Our Old Motors
I worked evenings and weekends doling out petrol at 6s 8d (33p) a gallon at Ruffles Motors (remember the Texaco/ Regent Rootes Group concession garage next door to St Joe's?) for several months in 1968-69.
God, I'd forgotten about Ruffles Motors. When I arrived at Salvo in '73, there was a shiny new orange and black Hillman Avenger Tiger in the showroom. I walked past it every day and thought "What an amazing car. If I work really hard at this posh new grammar school, one day I might be able to afford a car like that".
And of all the things we've discussed over the years, particularly pubs, clubs and girls, I can't believe we've never discussed cars we once owned from the sixties and seventies.

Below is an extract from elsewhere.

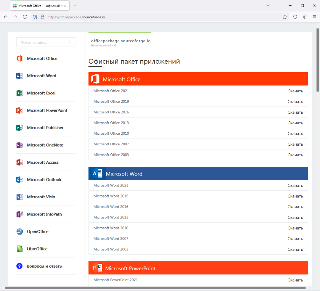 然而,当用户在谷歌search(和其他引擎)上搜索office插件时,他们得到的结果指向“officpackage .sourceforge”。由SourceForge提供给项目所有者的单独的web托管功能提供支持。
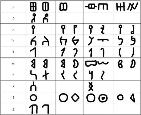 Таблица 9. Происхождение знаков южноаравийского (минеосабейского) письма (схематизации на основе элемента КоТ).

I still yearn for my Silver Fox 1600E Cortina, as immortalised by Tom Robinson.
First car was a 1952 MGTD. Then a Triumph Herald, MGA, Austin Healey, Austin Healey bug eyed Sprite, TR3A all before 1970. How about you?
My cars were a 1960 Vauxhall Victor, Rover 2000, Ford Corsair V4, 2 Hillman Minxes, Mini Clubman, a dreadful Austin 1100, a Morris Marina (even worse), Allegro, several Maestros, Volvo 340, up to todayís Peugeot 306 with 105000 miles on. I realise some of these are a bit sad, but then, I never was rich.
I had an Austin 1100 that saw me through 1977-9 and covered many thousands of miles of motoring without a jot of trouble. Other than petrol, the only cost I incurred running it was a new set of windscreen wipers required to get through an MOT. When it comes to really bad cars, don't get me started on the Rover 600 series!
If you want sad cars I had a Moskvitch which took me to the South of France and back.
My first car was a long wheel based Land Rover - boy did that thing rattle when it got over 60 MPH! We drove from Melbourne to Sydney and back one weekend (we were in our 20's and there was a very good party in Sydney) and the drive took about 14 hours one way! When we got to Sydney it took about 4 hours before we could speak without yelling as we were still deafened from the engine noise. God I miss that car.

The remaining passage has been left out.